One shouldn’t watch a movie wishing there was less plot, but that’s how I felt with this one, like Coogan and Brydon should just be watched from afar traveling between restaurants whose meals cost as much as the typical worker’s weekly wage, criticizing their pretense (like one place’s salt, arranged in lines next to the butter — “can we have a knife for the butter, please, and a rolled up 20 pound note for the salt?”) not taking them as seriously as the chefs would wish (at one point, Brydon coaches Coogan as to how he can safely criticize each restaurant, by giving him the range in which other foodies have criticized each) and analyzing Roger Moore’s best one-liners in between. And then, all of a sudden, the sad piano leaps in, and you wonder if you’re supposed to find some shake-your-head aspect when Coogan says “I’m in a trough, literally and metaphorically.”

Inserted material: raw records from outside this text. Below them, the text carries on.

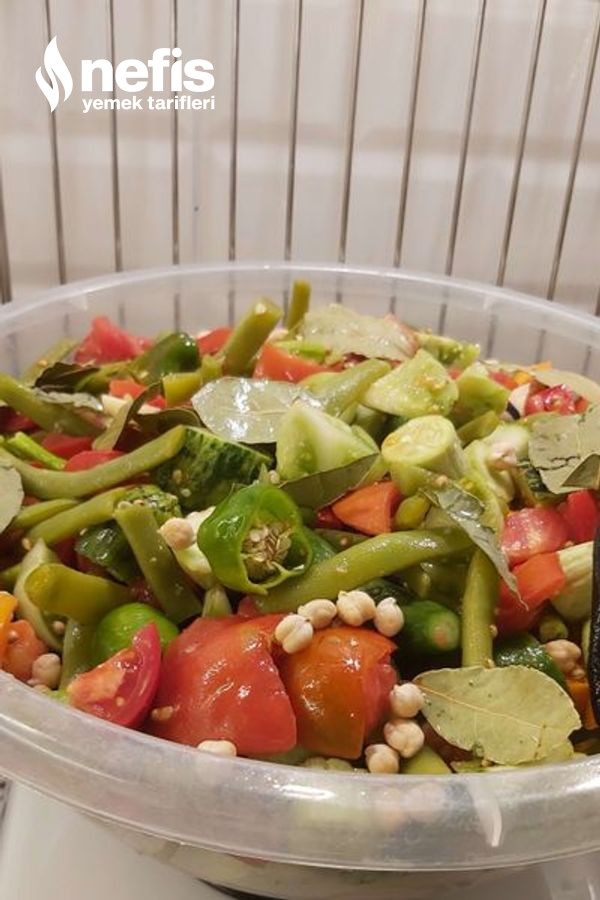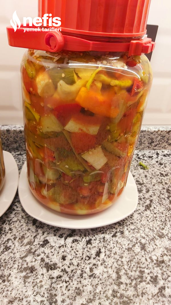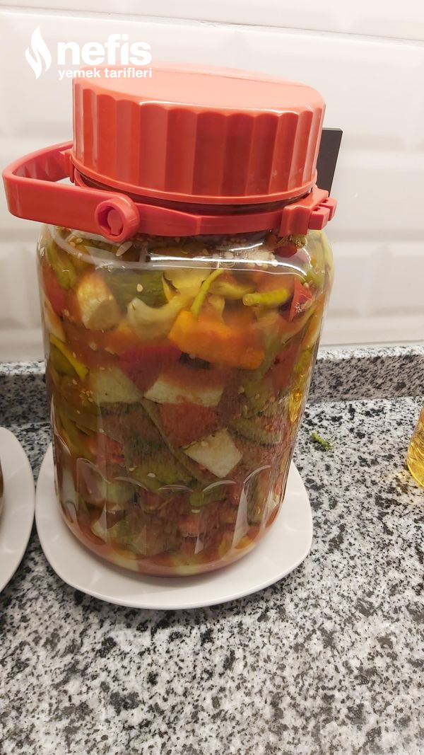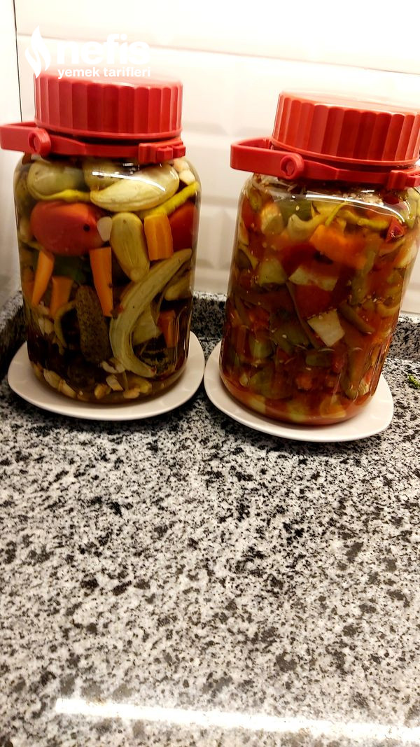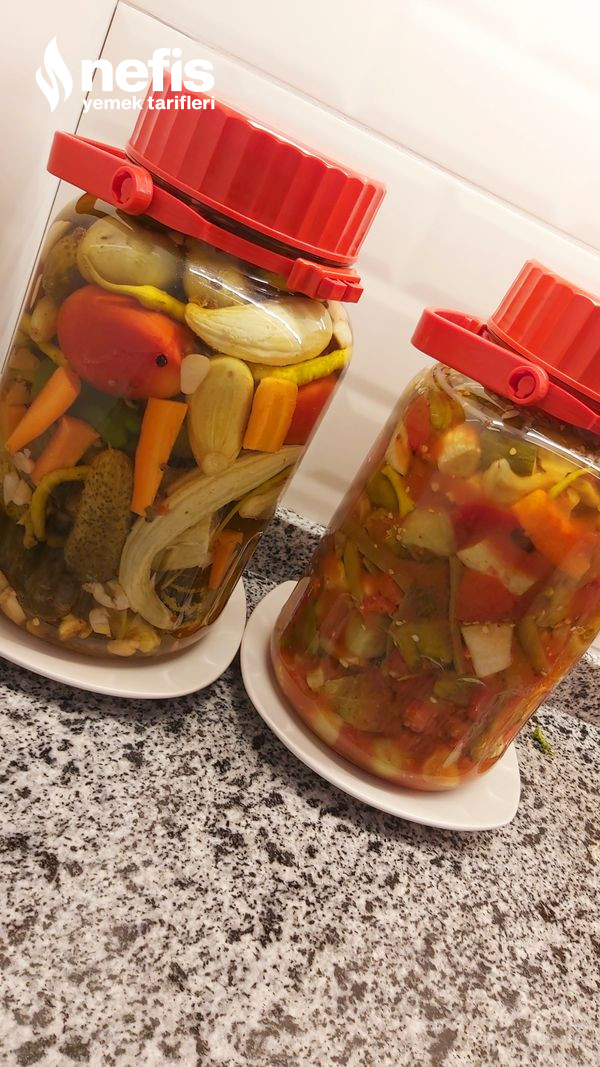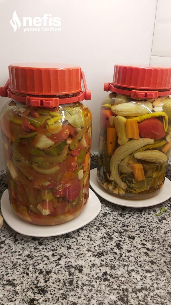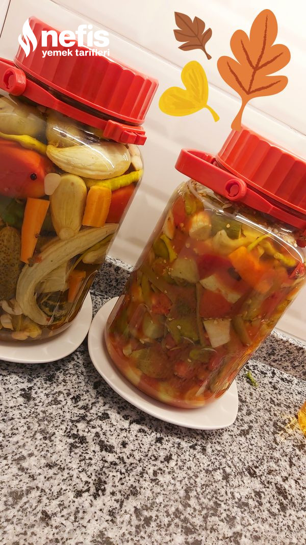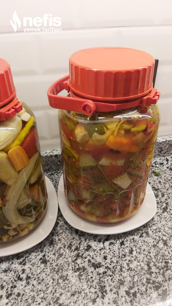 Not:aynı ölçülerle 1 kavanozda doğramadan turşu yaptım küçük kelekleri salatalığı ajuru domatesleri biberleri doğramadan kürdan batırdım kavanoza dizdim birebir tarifle yaptım.
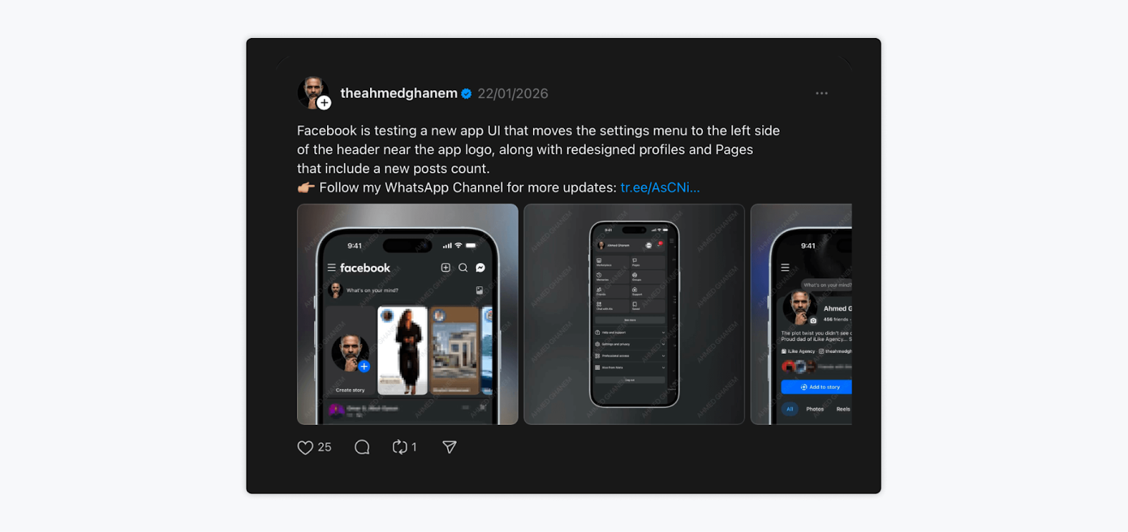 Facebook is experimenting with a refreshed app interface that moves the settings menu to the left side of the header near the app logo. The test also includes redesigned profiles and Pages featuring a new post count display.
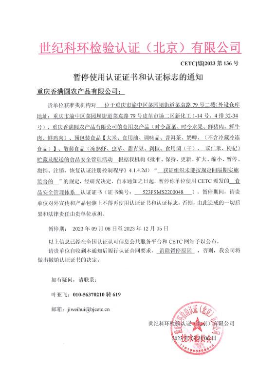 暫停使用認(rèn)證證書和認(rèn)證標(biāo)志的通知
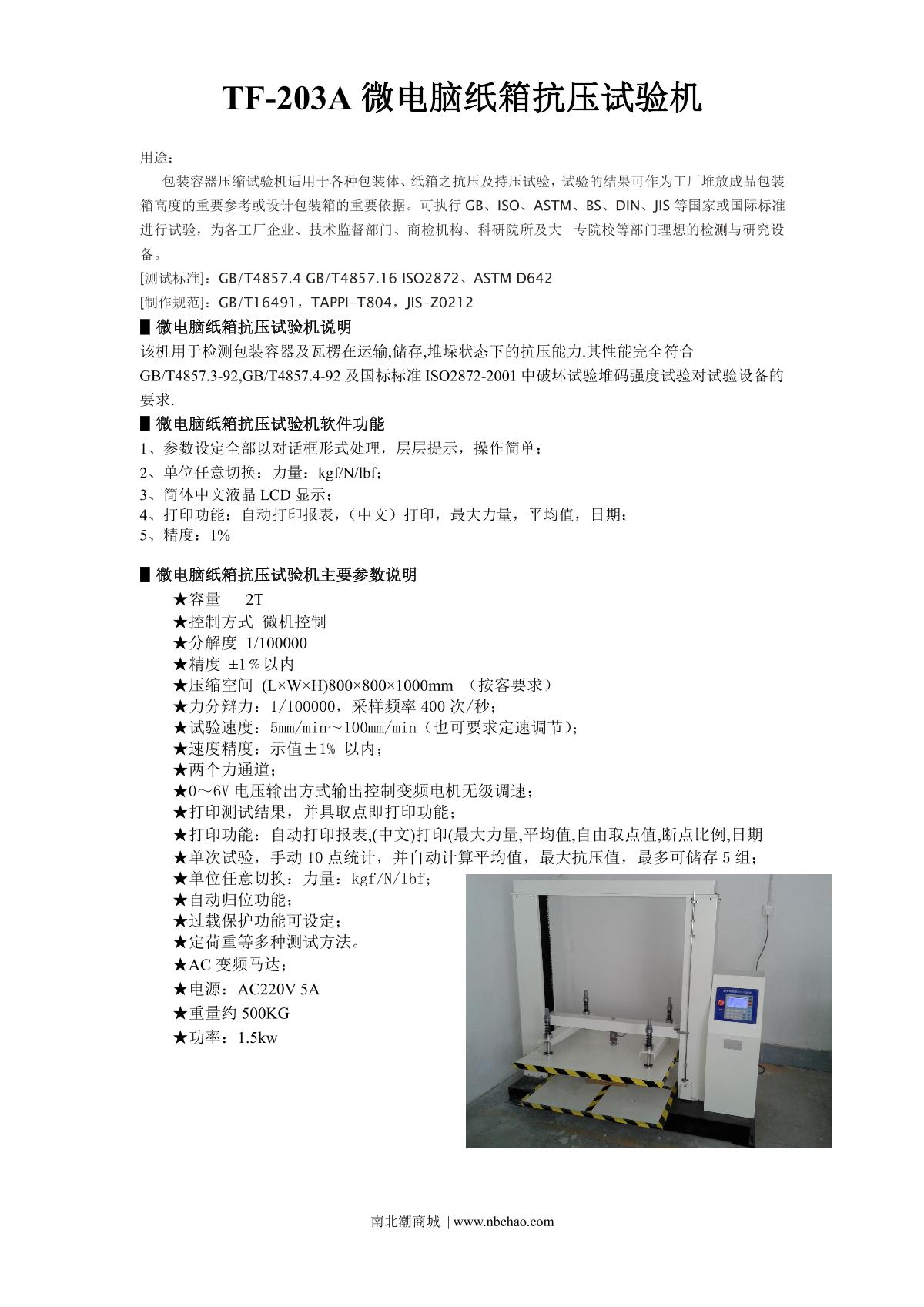 TengFei TF-203A Microcomputer carton compression testing machine brochure

Was someone was trying to make this movie a stealth-drama, the kind that seems funny at first but makes you feel utterly sorry for the pitiful Wordsworth-memorizing sex-maniacs in it by the end, and puffed up with your own superiority because your lawn looks fantastic, you’re not funny and you have no desire to bed strange women in hotels? (I’m hopeful that anyone who enjoyed the movie on that level can go waste their money on tiny splashes of white wine in fishbowl-sized glasses.) It’s not. This movie is about how funny the nonsense is, whether it’s a duck-fat lollipop or two grown men shouting “YOU WERE ONLY SUPPOSED TO BLOW THE BLOODY DOORS OFF!” at random times in competing Cockney accents. Neither needs to be fluffed up with extra so-called depth and seriousness. In the right context, both can be strange, different — and quite entertaining.
Ashley O’Dell reviews movies that aren’t in theaters anymore.